Clinch River reactor. A lot of people don't like this controversial ''breeder'' reactor development project. The Heritage Foundation claims ''the plant will be 16 years behind the French designs when complete.''
Waving good-bye to Clinch River would save $1.1 billion by 1987, according to CBO.
Uranium enrichment. The US government charges below cost for enriched uranium. Between 1954 and 1980 this amounted to a $5.5 billion subsidy to the nuclear industry, estimates the Department of Energy. The CBO says charging a fair market price would raise $3.2 billion by 1987.
Amtrak. Almost everbody loves trains, but are they worth it? ''Amtrak's operating costs and deficits have increased dramatically every year,'' says the CBO. Paring the system back to its strong branches would save $1.5 billion by 1987, says the budget office.
Maritime industry subsidies. The Department of Transportation pays out cash to aid ship builders and ship operators, on the theory we must keep the US merchant marine competitive with foreign counterparts. Ending the subsidies would save $616 million over the next five years.
There are other budget-related areas that affect business, but which the business community would like to see cut. Prime among these are the provisions of the Davis-Bacon Act, which provides that workers on federally financed or aided construction projects must be paid an area's ''prevailing wage.'' The US Chamber of Commerce lists Davis-Bacon as a most-wanted further government cut. Its elimination would save the federal government from $1.5 billion to $2.4 billion in labor costs, according to the chamber.
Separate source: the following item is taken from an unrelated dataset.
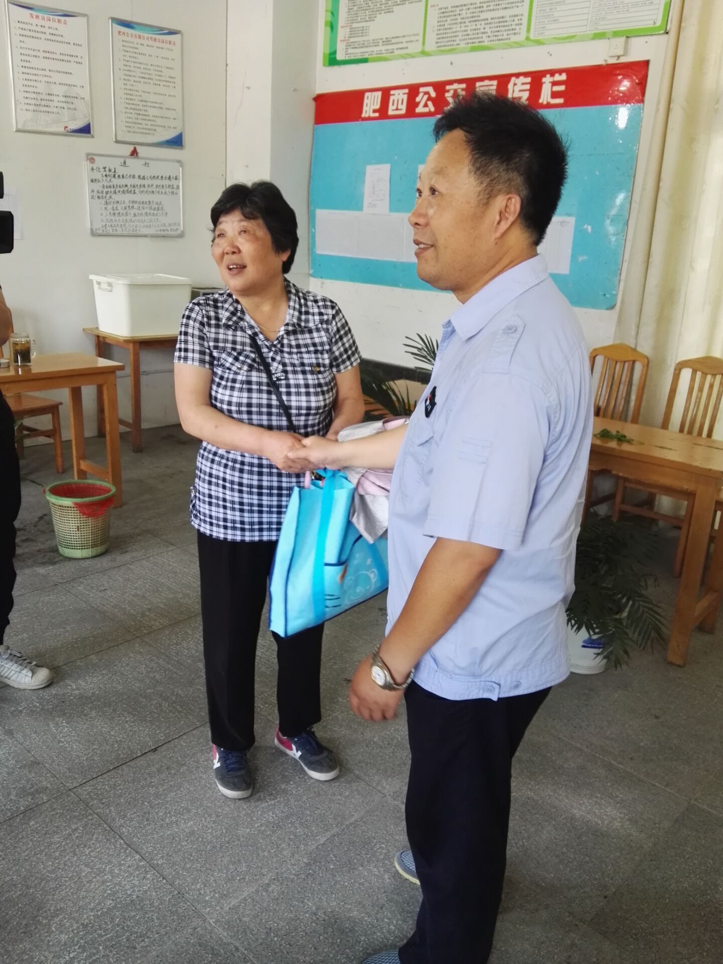 據(jù)悉,該女士姓董,住在上派鎮(zhèn)張郢小區(qū)。29日早七點多,董女士接九十多歲的老媽媽回家,到麗景小學站下車時,因顧著攙扶老媽媽,將裝有錢、衣物的袋子遺落在公交車上。下車后才發(fā)現(xiàn)袋子丟了。而此時,剛乘坐的公交車己經(jīng)駛走。唐女士懵了,包內(nèi)有12400元現(xiàn)金,另有37萬元的借條。那是老媽媽所有的財產(chǎn),要丟了,如何同九十多歲的老人家交待啊。情急之下,董女士乘坐后面的公交車,追到站內(nèi),并在駕駛員的幫助下聯(lián)系了當班發(fā)班員,希望協(xié)助找尋。而此時,當班駕駛員唐才,在后視鏡內(nèi)發(fā)現(xiàn)后排座位上有個袋子,已經(jīng)放在座位上行駛好幾站了,憑經(jīng)驗,唐才斷定是乘客遺落的。為保護好乘客的遺失物品,唐才將袋子拿到了駕駛室,準備到站后交到公司。車輛剛剛駛入站內(nèi),就迎到發(fā)班員王炯華,問詢是否有撿到乘客遺失物品。倆人將袋子拿到站內(nèi),經(jīng)清點,現(xiàn)金、借條保存完好。急匆匆趕到的董女士現(xiàn)場清點了錢物,異常激動,并從包內(nèi)拿出200元現(xiàn)金要感謝唐師傅,被唐師傅婉言謝絕了。董女士緊緊握住唐師傅的手,感激之情溢于言表,并堅持過幾天要送上一面錦旗,感謝肥西公交駕駛員拾金不昧,傳承并宣揚社會正能量。

In addition, some business groups and conservative economists have called for the elimination of a passel of regulatory agencies, in the name of fiscal restraint. The US Chamber, National Association of Manufacturers, and other groups are urging the Federal Trade Commission be sharply curtailed.
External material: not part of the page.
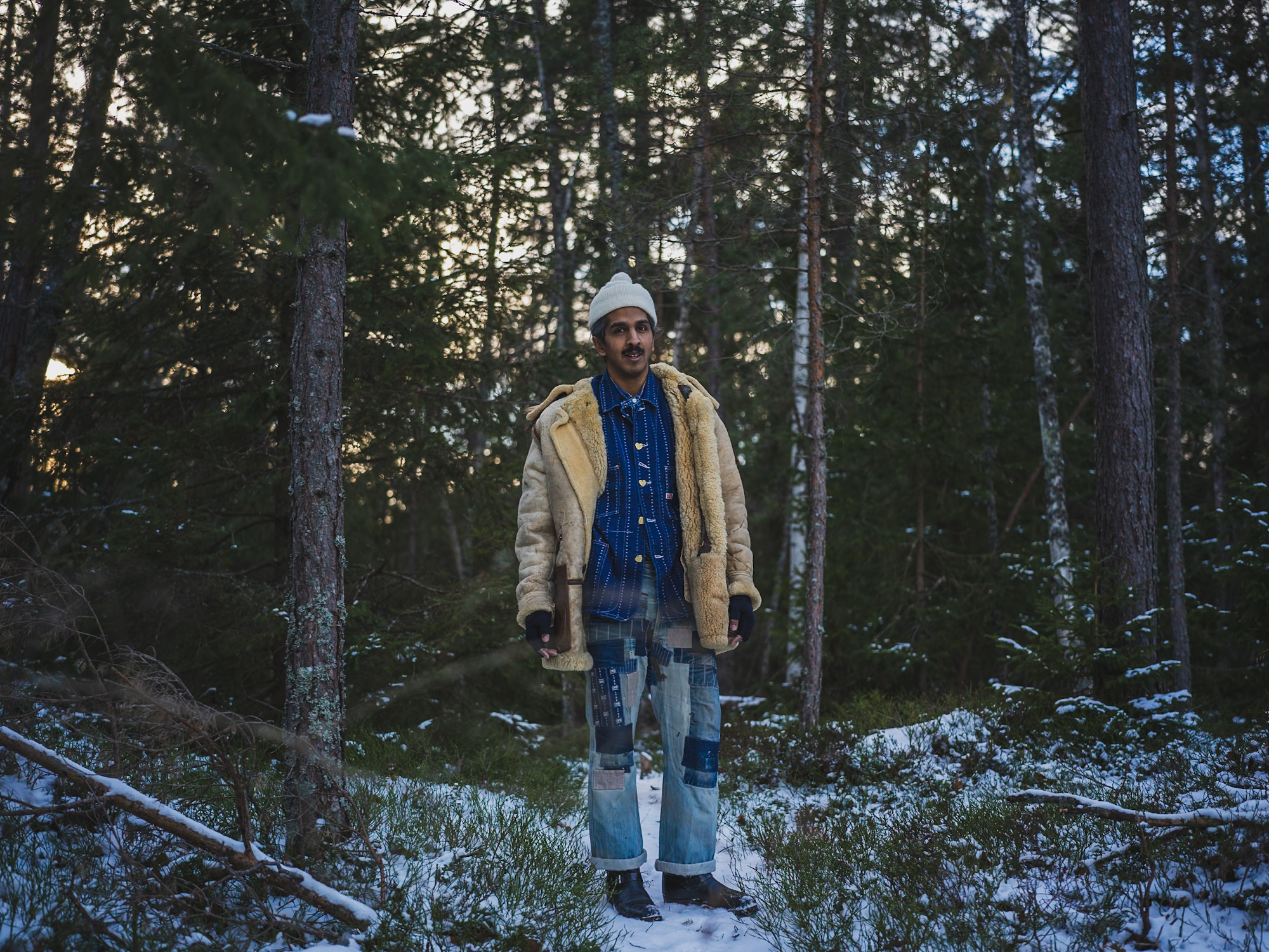 We shot them this past February in the snowy landscape just behind Viktor’s home in Sweden. Wanting to do justice to the Swedish scenery, I left the usual Leica behind and brought my Hasselblad for this shoot. The snow acted as a natural reflector, the air was crisp, and his lifestyle and sense of style quietly melted into the silence of it all.

Other business-regulatory agencies under attack include the Consumer Product Safety Commission, the Interstate Commerce Commission, and the Commodities Future Trading Commission. Eliminating these three would cut about $122 million from the federal budget.
''You're not talking about really paring down the economy by eliminating these agencies,'' says a congressional source who asked not to be named.
The source doubted any agency would be eliminated, although ''you might force them to live within a very narrow budget,'' he said.